The VPS becomes a public doorstep. Behind that door sits the machine at home.
Reverse SSH Tunnel Through a VPS
Here is the essential flow:
Home server (behind NAT) → outbound SSH session → VPS (public IP)
The tunnel opens a port on the VPS and maps it back to the SSH service on the home server.
From the outside, any client—a laptop, a phone, another workstation, anywhere—connects to the VPS on that designated port and lands on the home server as though it were directly exposed.
This approach has a few virtues that make it especially appealing.

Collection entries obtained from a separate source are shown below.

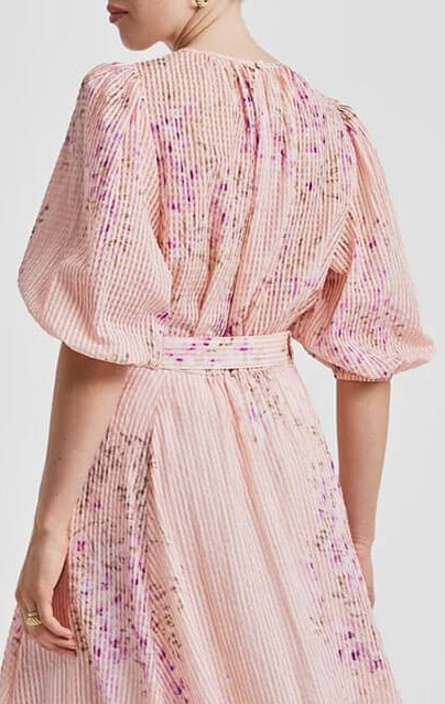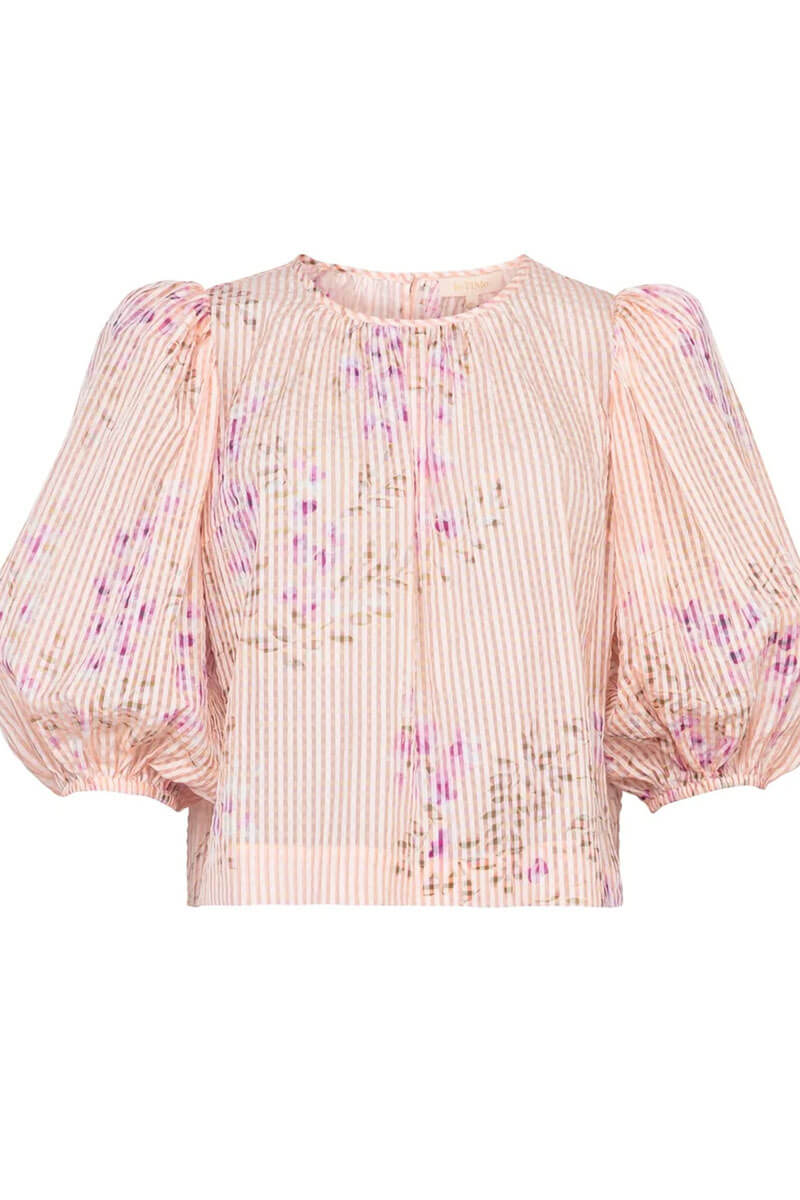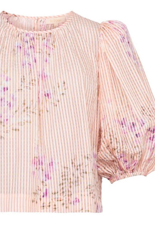 The top has a relaxed silhouette, round neckline and elbow length sleeves with elastic cuffs. The back features a key hole that closes at the top with a button.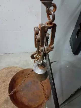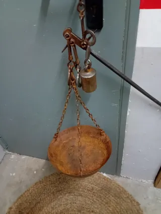 Balanza antigua de tipo romana, ideal para coleccionistas o decoración. - Construcción robusta de metal. - Plato de pesaje circular. - Mecanismo de contrapeso visible.Escucho ofertas. Solo venta en persona.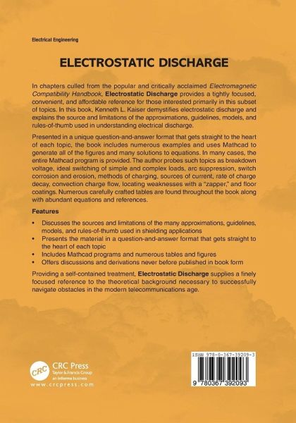 In chapters culled from the popular and critically acclaimed Electromagnetic Compatibility Handbook, Electrostatic Discharge provides a tightly focused, convenient, and affordable reference for those interested primarily in this subset of topics. Author Kenneth L. Kaiser demystifies electrostatic discharge and explains the source and limitations of the approximations, guidelines, models, and rules-of-thumb used in this field. The material is presented in a unique question-and-answer format that gets straight to the heart of each topic. The book includes numerous examples and uses Mathcad to generate all of the figures and many solutions to equations. In many cases, the entire Mathcad program is provided.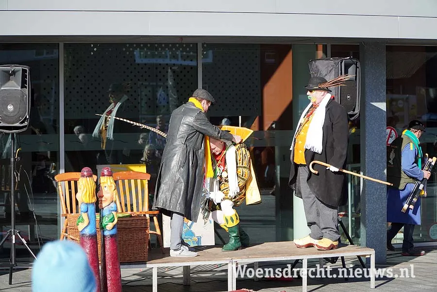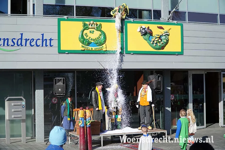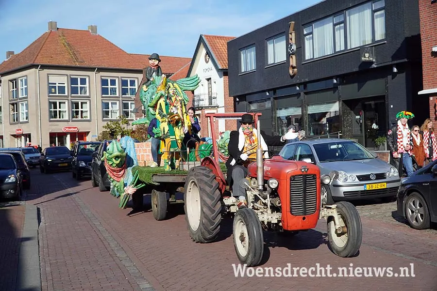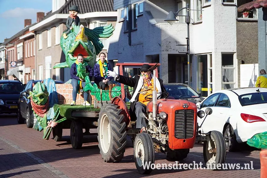 Tientallen feestvierders hadden zich op het plein voor het gemeentehuis verzameld om de bescheiden stoet op te wachten. Achter de prinsenwagen reden het treintje van Sjees Openbare Feestelijkheiden, en de trekker van de Grootste Boer met daarop de snoek en de nar.

First, the home server initiates the link, so NAT does not block the arrangement. Second, if the home-side IP changes, the concept still holds; the server merely reconnects outward again. Third, from the client’s perspective, the only stable public endpoint that matters is the VPS.
Naturally, the VPS must remain online around the clock. But if you already keep one for other duties, that requirement is hardly a burden.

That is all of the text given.